The United Arab Emirates under Sheikh Mohammed are no strangers to foreign policy risks. He intervened in the war in Yemen, is at the forefront of a regional embargo of more than three years against Qatar and was one of the most fervent supporters of Khalifa Haftar, the renegade Libyan general behind his latest civil war. Adventurism has drawn criticism in the United States, especially among Democrats.
It was also the first Gulf state to reopen its embassy in war-torn Syria, giving President Bashar al-Assad a boost.
“The deal with Israel is a classic MBZ. . . he will do whatever he thinks is right for him, ”an Arab official said. “It will give him a lot in terms of cooperation with Israel and he will be back in the good books in the United States. This could give him a free pass for certain things in the future.
Explaining the deal with Israel, while also offering an overview of broader UAE policy, Anwar Gargash, UAE Minister of State for Foreign Affairs, said: “We came out and argued that in every difficult trial in the region, when you have bridges and you have contacts, you are more important and more influential. ”

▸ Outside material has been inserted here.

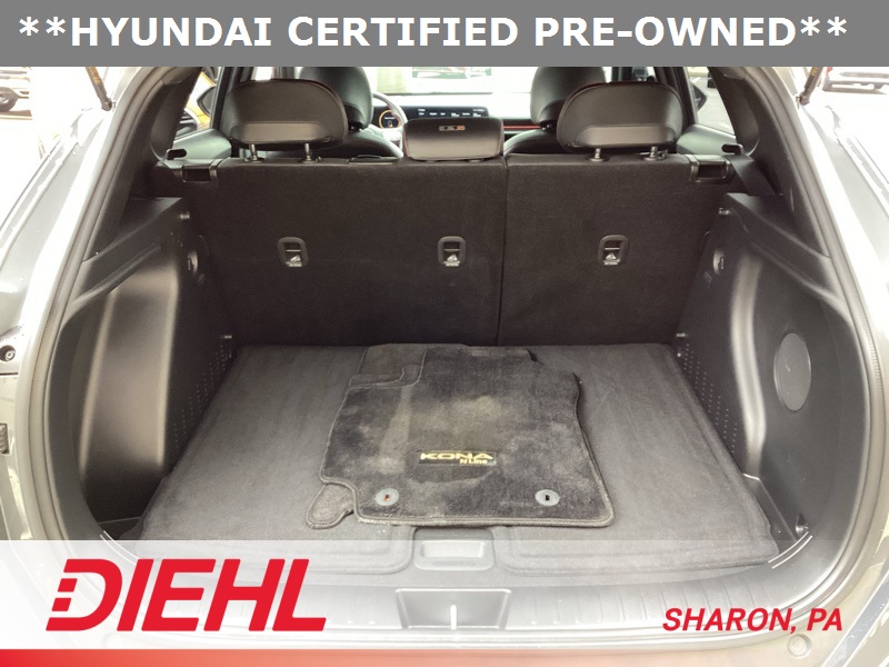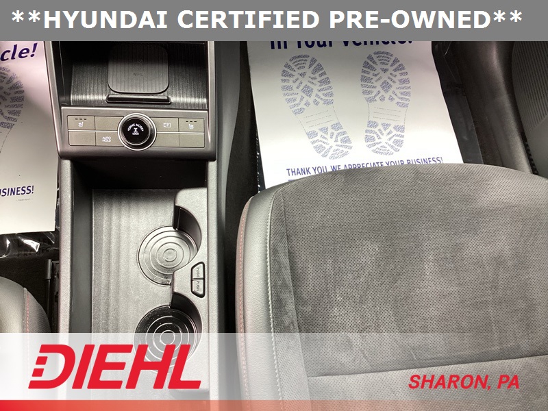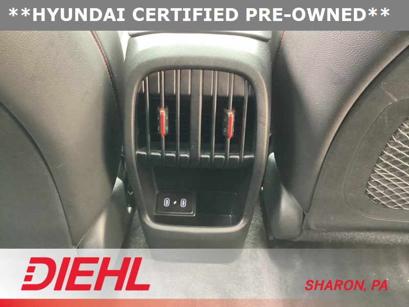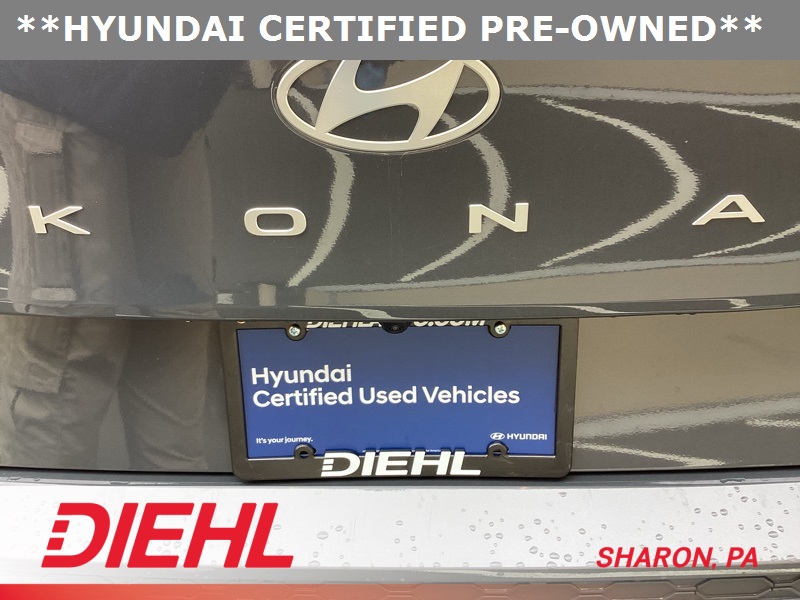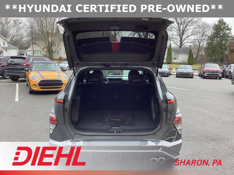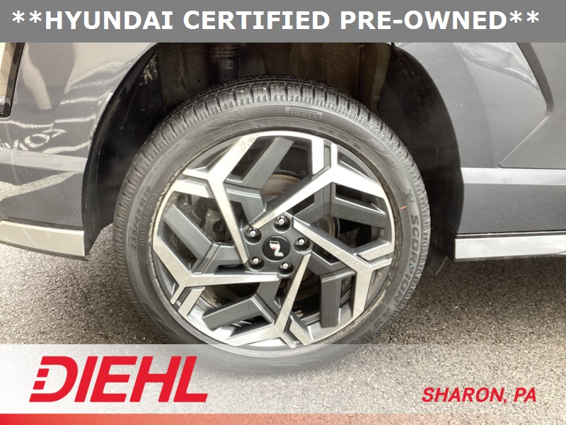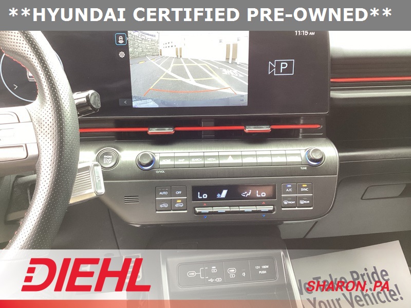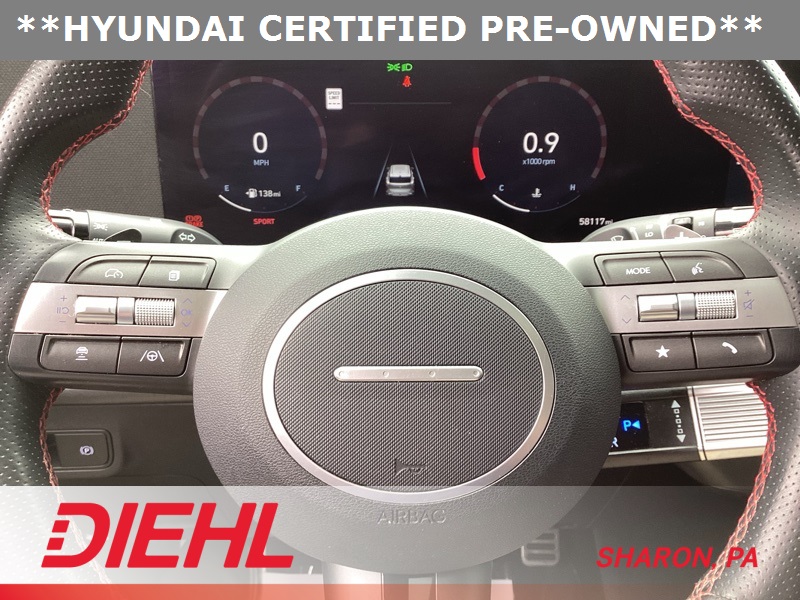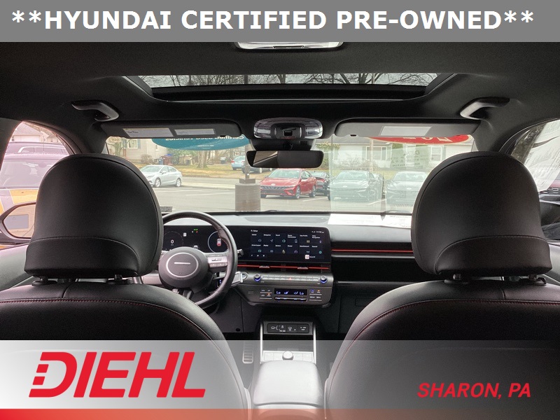 **CERTIFIED PRE OWNED**, 3.510 Axle Ratio, 4-Wheel Disc Brakes, 8 Speakers, ABS brakes, Air Conditioning, Alloy wheels, AM/FM radio: SiriusXM, Apple CarPlay & Android Auto, Auto High-beam Headlights, Auto-dimming Rear-View mirror, Automatic temperature control, Brake assist, Bumpers: body-color, Cargo Net, Cargo Tray, Carpeted Floor Mats, Column-Mounted Shift-By-Wire, Delay-off headlights, Driver door bin, Driver vanity mirror, Dual front impact airbags, Dual front side impact airbags, Electronic Stability Control, Emergency communication system: Bluelink+, Exterior Parking Camera Rear, First Aid Kit, Four wheel independent suspension, Front anti-roll bar, Front Bucket Seats, Front Center Armrest, Front dual zone A/C, Front reading lights, Fully automatic headlights, Heated door mirrors, Heated front seats, Heated Front Sport Bucket Seats, Illuminated entry, Leather Shift Knob, Leather steering wheel, Low tire pressure warning, N-Line Alcantara Sport Combination Seat Trim, Navigation System, Occupant sensing airbag, Option Group 01, Outside temperature display, Overhead airbag, Panic alarm, Passenger door bin, Passenger vanity mirror, Power door mirrors, Power driver seat, Power moonroof, Power steering, Power windows, Radio: AM/FM/HD Radio/SiriusXM Audio System, Rear anti-roll bar, Rear seat center armrest, Rear window defroster, Rear window wiper, Remote keyless entry, Security system, Speed control, Speed-sensing steering, Split folding rear seat, Spoiler, Steering wheel mounted audio controls, Tachometer, Telescoping steering wheel, Tilt steering wheel, Traction control, Trip computer, Turn signal indicator mirrors, Variably intermittent wipers, Wheel Locks, Wheels: 19" x 7.5J Metallic Alloy. Certified. Ecotronic Gray Pearl 2024 Hyundai Kona N Line AWD 8-Speed Automatic I4

But the Gulf’s tough foreign policy, backed by tens of billions of dollars in aid, has put it at odds with some regional powers. In recent months, tensions have become particularly acute with Turkey, which intervened in the Libyan war on the side opposite to the United Arab Emirates and which Abu Dhabi accuses of supporting Islamist groups.
The timing of the Israeli deal “reflects the shifting agenda and the shift in the balance of power in the Middle East,” said Emile Hokayem, senior researcher for Middle East security at the International Institute for Strategic Studies. Turkey’s intervention in Libya has led to a series of humiliating defeats for General Haftar, resulting in a setback for the United Arab Emirates, and intensified tensions in the eastern Mediterranean where a race is on to secure the oil and gas resources.
“The competition is much more intense and this helps them to consolidate not only an anti-Iran front, but also a de facto alliance with Israel, Egypt, Greece and Cyprus in the eastern Mediterranean,” Mr. . Hokayem. The “so-called Israeli concession on annexation” provided political cover for the deal, he said. “The sad reality is that the Palestinian question is secondary.”